Petitioners then filed a Petition for Review on Certiorari of the OP’s Decision and
Resolution with the CA, docketed as C.A.-G.R. S.P. No. 120409. In the CA Decision dated
February 29, 2012, the CA affirmed the Decision and Resolution of the OP. Thereafter,
petitioners appealed the same CA decision to this Court which is now pending with a different
division.

Issue:
Whether or not the petitioner corporations are Filipino and can validly be issued MPSA
and  EP.

Held:
No. The SEC Rules provide for the manner of calculating the Filipino interest in a
corporation for purposes, among others, of determining compliance with nationality
requirements (the ‘Investee Corporation’). Such manner of computation is necessary since the
shares in the Investee Corporation may be owned both by individual stockholders (‘Investing
Individuals’) and by corporations and partnerships (‘Investing Corporation’). The said rules thus
provide for the determination of nationality depending on the ownership of the Investee
Corporation and, in certain instances, the Investing Corporation.
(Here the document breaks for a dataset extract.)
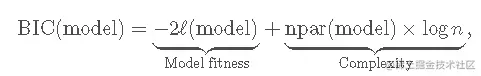 其中是模型的对 数似然度 (模型拟合数据的程度),而

Under the SEC Rules, there are two cases in determining the nationality of the Investee
Corporation. The first case is the ‘liberal rule’, later coined by the SEC as the Control Test in its
30 May 1990 Opinion, and pertains to the portion in said Paragraph 7 of the 1967 SEC Rules
which states, ‘(s)hares belonging to corporations or partnerships at least 60% of the capital of
which is owned by Filipino citizens shall be considered as of Philippine nationality.’ Under the
liberal Control Test, there is no need to further trace the ownership of the 60% (or more)
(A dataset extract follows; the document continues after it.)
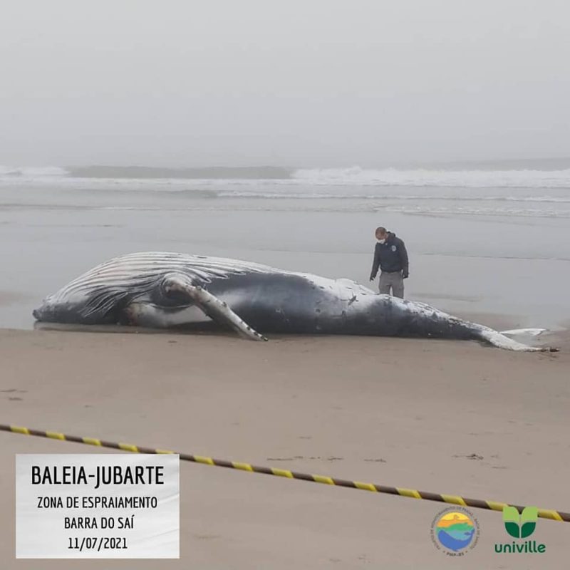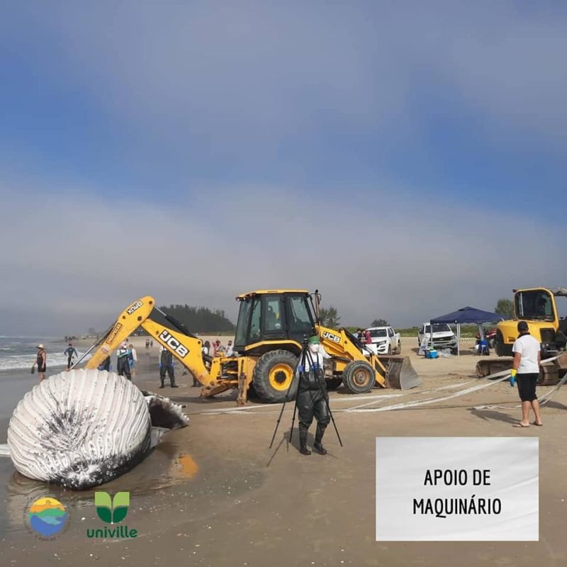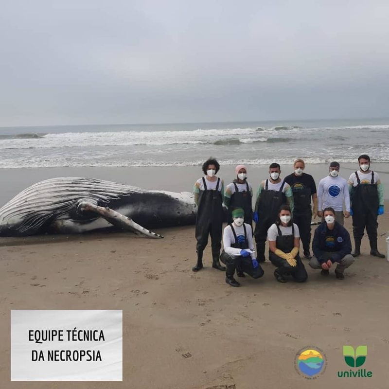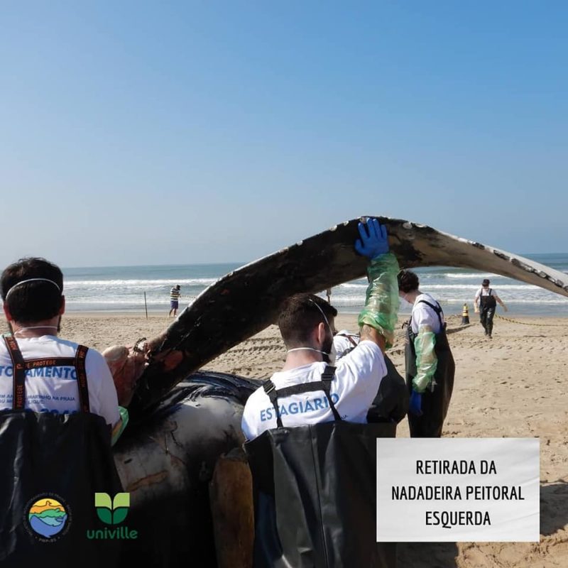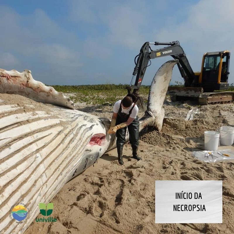 O Projeto de Monitoramento de Praias BS/Univille, que monitora os animais marinhos na região, foi acionado no sábado (10), quando o animal foi visto próximo à costa da Barra do Saí. Já no domingo (11), a equipe se deslocou até o local para necropsia.

Filipino stockholdings of the Investing Corporation since a corporation which is at least 60%
Filipino-owned is considered as Filipino.
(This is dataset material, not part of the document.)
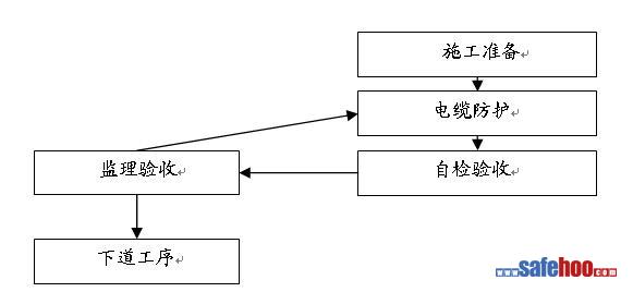 施工程序為:施工準(zhǔn)備→電纜防護(hù)→自檢驗收

The second case is the Strict Rule or the Grandfather Rule Proper and pertains to the
portion in said Paragraph 7 of the 1967 SEC Rules which states, “but if the percentage of Filipino
ownership in the corporation or partnership is less than 60%, only the number of shares
corresponding to such percentage shall be counted as of Philippine nationality.” Under the
Strict Rule or Grandfather Rule Proper, the combined totals in the Investing Corporation and
the Investee Corporation must be traced (i.e., “grandfathered”) to determine the total
percentage of Filipino ownership. Moreover, the ultimate Filipino ownership of the shares must
first be traced to the level of the Investing Corporation and added to the shares directly owned
in the Investee Corporation.
In other words, based on the said SEC Rule and DOJ Opinion, the Grandfather Rule or
the second part of the SEC Rule applies only when the 60-40 Filipino-foreign equity ownership is
in doubt (i.e., in cases where the joint venture corporation with Filipino and foreign
stockholders with less than 60% Filipino stockholdings [or 59%] invests in other joint venture
corporation which is either 60-40% Filipino-alien or the 59% less Filipino). Stated differently,
where the 60-40 Filipino- foreign equity ownership is not in doubt, the Grandfather Rule will
not apply.
In this case, the Grandfather Rule must be applied, because it is the intention of the
framers of the Constitution to apply this rule in cases where corporate layering is present.
Applying this rule, it turns out that the Canadian corporation owns more than 60% of the equity
interests of Narra, Tesoro and McArthur. Hence, the latter are disqualified to participate in the
exploration, development and utilization of the Philippine’s natural resources.